On the 24th day of April, 1919, the cases came on for trial, and after a jury was impaneled the plaintiffs introduced their evidence, which in substance established the following material facts necessary to be considered in disposing of the questions presented by this appeal:

The plaintiffs, Mrs. Coe and Mrs. Baker, on the 16th day of December, 1919, purchased tickets at Wagoner of the M., K. T. Ry. Co. for Muskogee and became passengers of the company on the train from Wagoner to Muskogee. The plaintiffs were married women and each had a suit-case full of dressed rabbits; Mrs. Baker carrying 14 in her suit-case, which her sons had killed, and Mrs. Coe 15, which her husband had killed, to be sold on the market at Muskogee. When the plaintlffs arrived at Muskogee and stepped off the train, Slaton, a special agent of the railroad company, seized the plaintiffs by the arm and led them into the baggage room. After locking the door of the room he searched the suit-case of Mrs. Baker, where he found the rabbits. He then stated to the plaintiffs that he was glad it was "that and not the other"; that he had it "put over" him every day; that two ladies, his neighbors, had come in with whisky. Slaton refused to permit the plaintiffs to take their suit-cases away with them, but suggested that they go away from the baggage room and send back for ther suit-cases and the same would be turned over to them without any charge for storage. He then unlocked the door and allowed the plaintiffs to leave.

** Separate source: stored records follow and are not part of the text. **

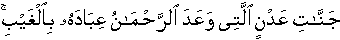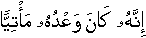 And this is how We made it [mystery of missing youth] known to people [of that era] so that they may convincingly understand that the [resurrection] Promise of Allah is a fact; [18:21] o Gardens of Eden, Paradise, Ar'Reh'maan has promised His bondmen/persons of His group without that being in their sight [though it has been made familiar to them]. Indeed it is His promise that is surely to accomplish. [19:61] And they seek you, the Messenger [Sal'lallaa'hoalaih'wa'salam], for hastening the Doom/the infliction; [ask them to wait a little while] And Allah never fail to fulfill His promise. [22:47]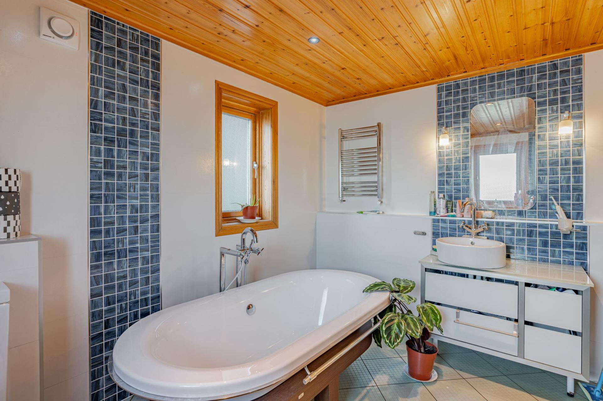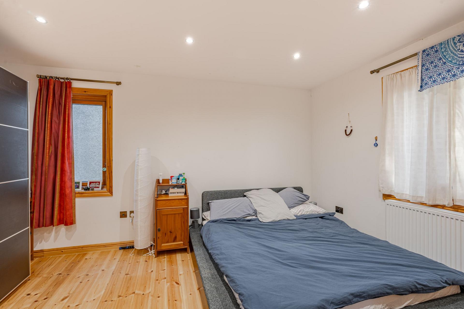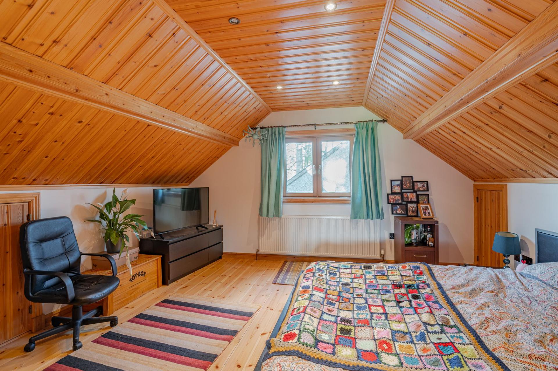 The bespoke staircase rises to a bright and spacious first floor landing, with sliding doors to a balcony. The first floor makes for a fantastic master suite if so desired, with useful home office (or perhaps a nursery/child’s bedroom) and a large principal bedroom with dressing room and views to the front over the loch, along with a contemporary bathroom, comprising a raised area with feature free standing bath, twin sinks and a roomy walk-in shower.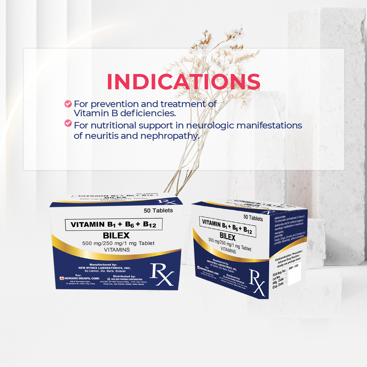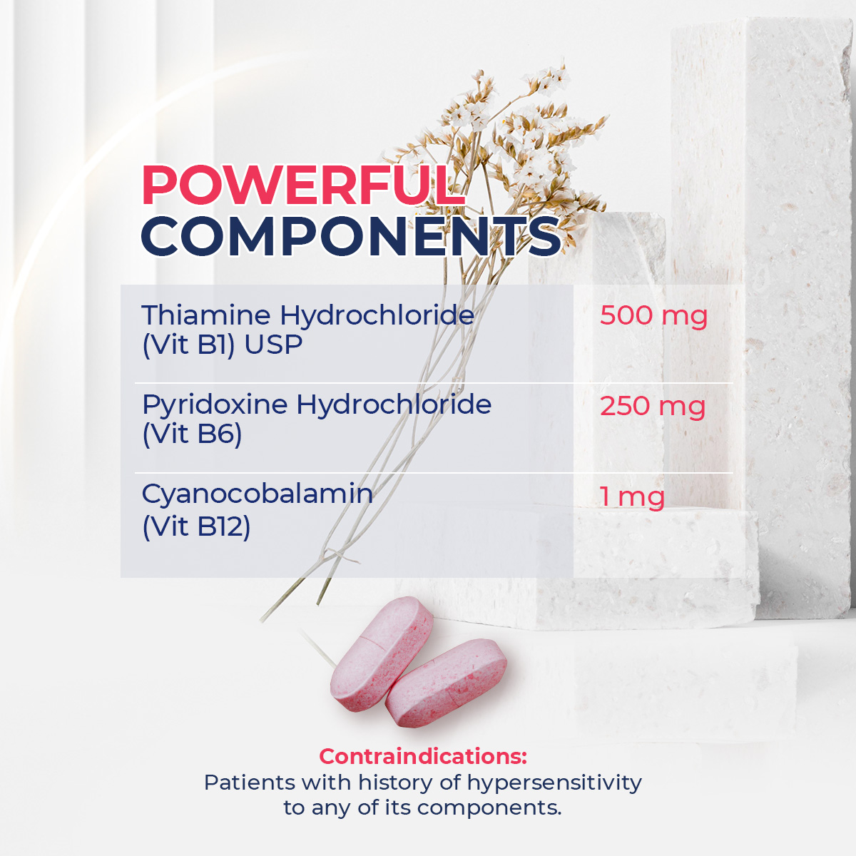 For nutritional support in painful, neurological manifestations of neuritis and neuropathy, polyneuritis, lumbago, ischialgia, cervical and shoulder-arm syndrome. Nueropathies associated with diabetes, cardiac disorders, drug-induced tuberculosis, leprosy and pregnancy. Alcoholic neuropathy due to INH or phenothiazine intoxication, hyperemesis gravidarum. For the prevention and treatment of Vit. B1, B6 and B12 deficiencies.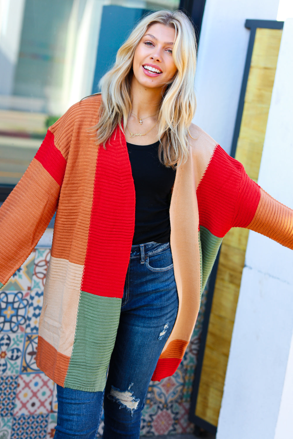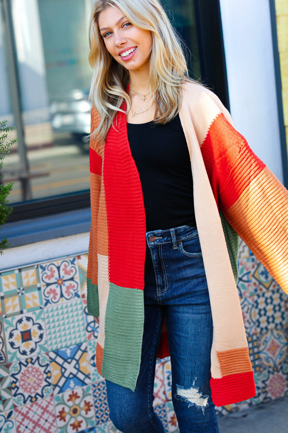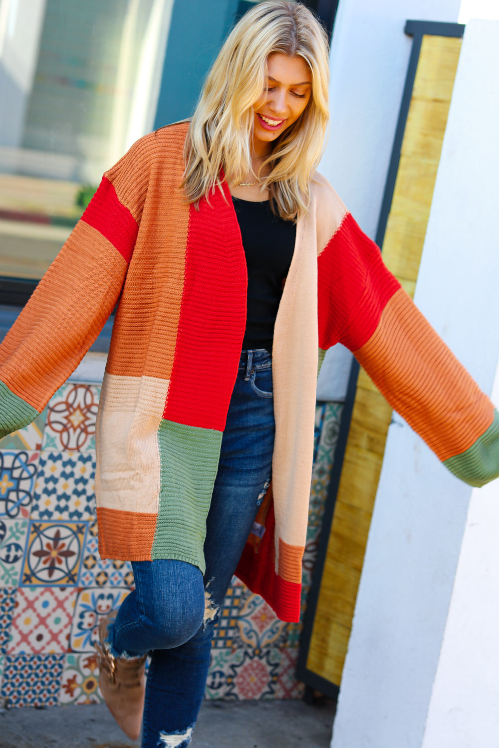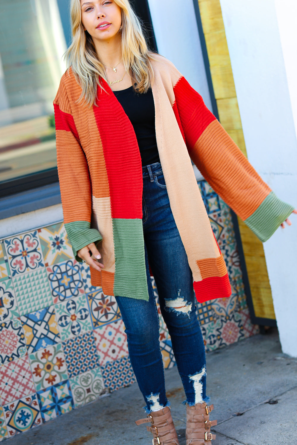 Made with soft knit fabric. this midweight colorblock open cardigan will be your fav cold weather piece this season. Pair with jeans and booties for a casual but cute look.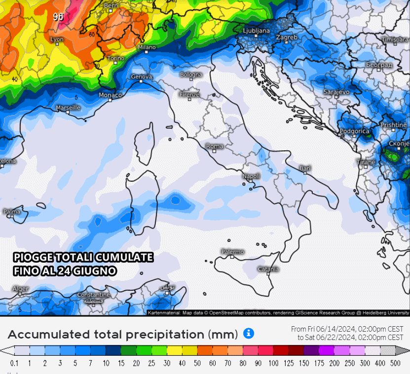 Dalle prime mappe delle precipitazioni totali cumulate nei prossimi giorni, possiamo osservare un maggior coinvolgimento dell’estremo Nord, soprattutto le aree pedemontane tra Piemonte e Lombardia. Più a sud, l’alta pressione subtropicale sarà molto più efficace e impedirà l’arrivo di particolari fenomeni.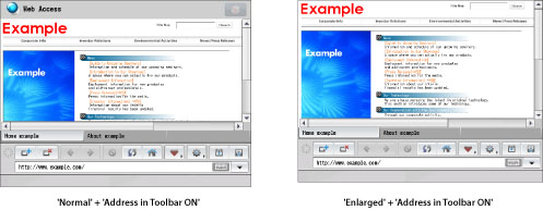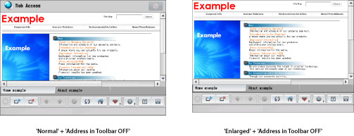 You can change how the Web Access screen is displayed to suit your needs. There are four types of screens which can be created with different combinations of the screen size and display/hide address bar settings.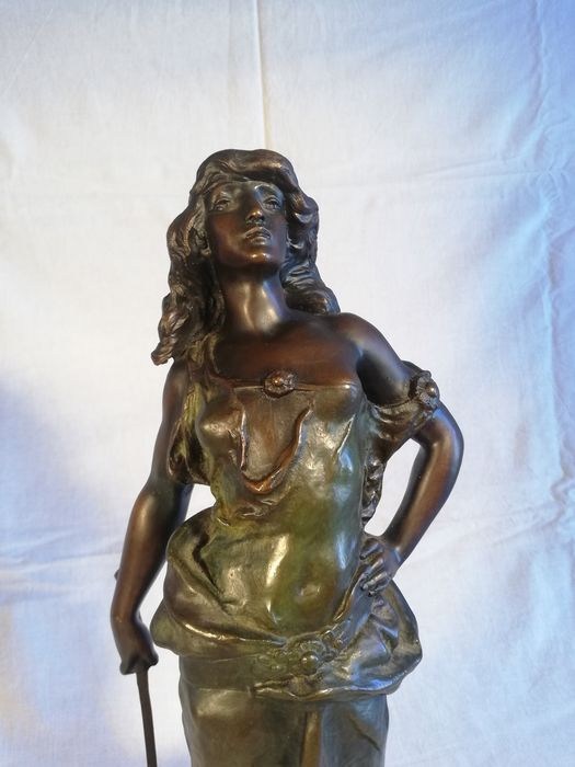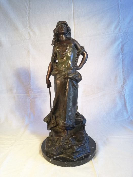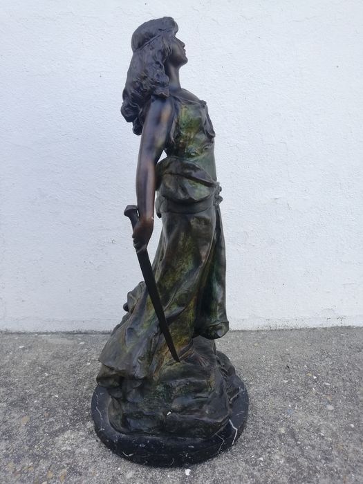 Sculptuur van een vrouwenfiguur "Judith" in brons met een zwart marmeren voet.

The special agents of the railroad company had been given commissions by the sheriff of Muskogee county, including the defendant Slaton, but the evidence tended to show that Slaton had never performed any duties as a deputy sheriff for which he had been paid any compensation by the county. The trial court, at the close of the plaintiffs' testimony, sustained a demurrer filed by the Director General to the evidence, but overruled the demurrer as to the defendant Slaton. The plaintiffs dismissed the action as to Slaton, and judgment was by the court entered for the defendant Director General. Motion for new trial was filed and overruled, and this appeal is prosecuted by the plaintiffs to reverse the judgment of the trial court.

Two questions are presented for review under the assignments of error: The action of the trial court in sustaining the defendant Director General's demurrer to the plaintiffs' evidence, and error in excluding competent and material testimony offered by the plaintiffs in support of their causes of action. We are clearly of the opinion that the evidence was sufficient to require the submission of the case to the jury.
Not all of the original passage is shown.